Extracted records:

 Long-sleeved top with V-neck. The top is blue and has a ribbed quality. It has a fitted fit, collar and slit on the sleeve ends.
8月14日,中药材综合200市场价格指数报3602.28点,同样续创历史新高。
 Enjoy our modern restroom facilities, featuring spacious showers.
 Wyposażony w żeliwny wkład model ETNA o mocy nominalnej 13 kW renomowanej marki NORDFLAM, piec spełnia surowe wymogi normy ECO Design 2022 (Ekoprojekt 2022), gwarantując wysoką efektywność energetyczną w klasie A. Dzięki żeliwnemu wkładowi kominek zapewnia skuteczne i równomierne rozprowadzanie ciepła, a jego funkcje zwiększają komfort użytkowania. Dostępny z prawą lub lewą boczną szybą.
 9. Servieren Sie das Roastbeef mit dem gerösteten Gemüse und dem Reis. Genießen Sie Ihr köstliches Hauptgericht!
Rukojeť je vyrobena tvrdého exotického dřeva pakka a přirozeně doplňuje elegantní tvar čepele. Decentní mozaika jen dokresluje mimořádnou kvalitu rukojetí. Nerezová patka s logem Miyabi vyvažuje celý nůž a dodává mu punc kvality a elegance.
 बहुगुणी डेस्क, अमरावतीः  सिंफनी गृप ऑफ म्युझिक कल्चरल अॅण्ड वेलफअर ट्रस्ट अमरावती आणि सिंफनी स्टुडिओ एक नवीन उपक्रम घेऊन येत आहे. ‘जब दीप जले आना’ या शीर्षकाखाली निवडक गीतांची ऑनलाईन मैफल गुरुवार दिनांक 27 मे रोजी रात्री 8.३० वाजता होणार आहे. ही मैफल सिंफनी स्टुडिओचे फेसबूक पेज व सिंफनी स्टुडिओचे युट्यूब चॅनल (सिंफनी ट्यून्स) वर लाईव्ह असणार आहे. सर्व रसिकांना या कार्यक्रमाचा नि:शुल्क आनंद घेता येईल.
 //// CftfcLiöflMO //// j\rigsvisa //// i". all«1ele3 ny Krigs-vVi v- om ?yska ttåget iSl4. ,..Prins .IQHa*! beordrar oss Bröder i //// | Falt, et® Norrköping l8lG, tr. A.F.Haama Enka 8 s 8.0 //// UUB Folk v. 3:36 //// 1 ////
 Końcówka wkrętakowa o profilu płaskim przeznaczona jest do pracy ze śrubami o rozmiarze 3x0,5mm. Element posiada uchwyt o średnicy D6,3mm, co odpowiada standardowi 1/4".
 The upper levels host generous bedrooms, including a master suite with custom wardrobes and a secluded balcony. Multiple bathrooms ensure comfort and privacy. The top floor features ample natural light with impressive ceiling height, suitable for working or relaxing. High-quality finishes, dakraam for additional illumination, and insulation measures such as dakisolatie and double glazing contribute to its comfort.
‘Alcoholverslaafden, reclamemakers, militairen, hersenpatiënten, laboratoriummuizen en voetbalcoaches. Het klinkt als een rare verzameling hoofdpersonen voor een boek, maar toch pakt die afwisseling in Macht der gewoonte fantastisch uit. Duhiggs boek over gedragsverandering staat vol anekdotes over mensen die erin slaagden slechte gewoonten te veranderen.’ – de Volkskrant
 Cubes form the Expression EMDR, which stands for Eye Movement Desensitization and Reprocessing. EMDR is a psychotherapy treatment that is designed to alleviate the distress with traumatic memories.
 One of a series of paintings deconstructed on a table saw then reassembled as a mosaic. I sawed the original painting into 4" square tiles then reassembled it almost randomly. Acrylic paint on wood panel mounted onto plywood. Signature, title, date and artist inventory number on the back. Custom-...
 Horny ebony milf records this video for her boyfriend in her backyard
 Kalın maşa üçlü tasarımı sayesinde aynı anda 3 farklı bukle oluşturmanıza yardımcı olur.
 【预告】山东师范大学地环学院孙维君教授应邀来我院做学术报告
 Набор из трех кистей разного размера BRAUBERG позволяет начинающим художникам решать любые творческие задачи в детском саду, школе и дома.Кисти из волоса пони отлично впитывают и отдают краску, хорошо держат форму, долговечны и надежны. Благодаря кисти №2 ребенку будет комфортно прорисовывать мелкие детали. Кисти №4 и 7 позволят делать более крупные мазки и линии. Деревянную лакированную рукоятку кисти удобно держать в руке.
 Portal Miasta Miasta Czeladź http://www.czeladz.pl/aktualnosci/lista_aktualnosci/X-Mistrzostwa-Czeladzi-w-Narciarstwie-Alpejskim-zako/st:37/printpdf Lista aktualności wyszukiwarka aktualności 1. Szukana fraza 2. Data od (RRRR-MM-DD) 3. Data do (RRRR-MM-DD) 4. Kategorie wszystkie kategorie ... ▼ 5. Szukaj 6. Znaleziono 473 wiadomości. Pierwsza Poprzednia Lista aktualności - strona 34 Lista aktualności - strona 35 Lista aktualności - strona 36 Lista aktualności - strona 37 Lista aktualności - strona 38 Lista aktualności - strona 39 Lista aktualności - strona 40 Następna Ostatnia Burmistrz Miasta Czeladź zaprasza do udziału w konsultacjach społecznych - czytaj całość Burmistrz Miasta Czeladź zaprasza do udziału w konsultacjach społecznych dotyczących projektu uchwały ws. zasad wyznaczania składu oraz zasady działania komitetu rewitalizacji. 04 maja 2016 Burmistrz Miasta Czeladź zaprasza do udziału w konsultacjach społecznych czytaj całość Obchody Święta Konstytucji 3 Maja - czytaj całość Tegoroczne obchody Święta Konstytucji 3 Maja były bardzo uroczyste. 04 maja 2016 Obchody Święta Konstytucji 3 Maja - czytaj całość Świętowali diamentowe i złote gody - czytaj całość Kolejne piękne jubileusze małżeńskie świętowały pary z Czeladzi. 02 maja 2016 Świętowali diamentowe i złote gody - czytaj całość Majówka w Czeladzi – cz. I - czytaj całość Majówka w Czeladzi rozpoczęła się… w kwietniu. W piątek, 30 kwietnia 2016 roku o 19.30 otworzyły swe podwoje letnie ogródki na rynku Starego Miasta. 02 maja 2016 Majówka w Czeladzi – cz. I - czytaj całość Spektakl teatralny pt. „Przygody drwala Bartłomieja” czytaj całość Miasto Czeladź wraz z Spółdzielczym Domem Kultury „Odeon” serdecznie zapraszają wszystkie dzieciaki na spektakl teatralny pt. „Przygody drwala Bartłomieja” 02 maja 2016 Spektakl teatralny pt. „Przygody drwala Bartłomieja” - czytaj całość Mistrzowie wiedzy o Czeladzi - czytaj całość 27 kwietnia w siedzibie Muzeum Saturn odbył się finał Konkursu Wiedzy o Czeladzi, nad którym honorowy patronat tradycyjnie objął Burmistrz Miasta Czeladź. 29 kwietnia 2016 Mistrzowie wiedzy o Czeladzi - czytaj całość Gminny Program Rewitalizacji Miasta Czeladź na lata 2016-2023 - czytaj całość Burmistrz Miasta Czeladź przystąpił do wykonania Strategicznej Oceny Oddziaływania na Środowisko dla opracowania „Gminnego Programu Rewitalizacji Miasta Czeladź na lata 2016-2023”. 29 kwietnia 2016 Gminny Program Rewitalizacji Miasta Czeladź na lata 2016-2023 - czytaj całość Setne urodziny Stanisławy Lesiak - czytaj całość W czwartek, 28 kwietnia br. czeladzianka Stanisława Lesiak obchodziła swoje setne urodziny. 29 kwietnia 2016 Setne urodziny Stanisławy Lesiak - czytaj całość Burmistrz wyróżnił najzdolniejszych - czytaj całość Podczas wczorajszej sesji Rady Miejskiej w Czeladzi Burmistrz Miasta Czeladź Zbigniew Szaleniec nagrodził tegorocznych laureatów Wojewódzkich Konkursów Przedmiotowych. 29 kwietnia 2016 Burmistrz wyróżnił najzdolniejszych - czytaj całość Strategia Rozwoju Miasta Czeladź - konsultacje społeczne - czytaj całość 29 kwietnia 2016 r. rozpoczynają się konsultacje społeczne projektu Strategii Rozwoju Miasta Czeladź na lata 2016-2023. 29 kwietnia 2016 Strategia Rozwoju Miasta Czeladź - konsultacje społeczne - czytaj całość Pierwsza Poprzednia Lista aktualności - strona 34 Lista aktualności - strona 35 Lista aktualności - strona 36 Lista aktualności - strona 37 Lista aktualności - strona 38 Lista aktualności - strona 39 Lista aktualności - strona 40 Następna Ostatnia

§ Task
Count every line of the data in which the word "quality" appears, and report only the total.

§ Answer section
2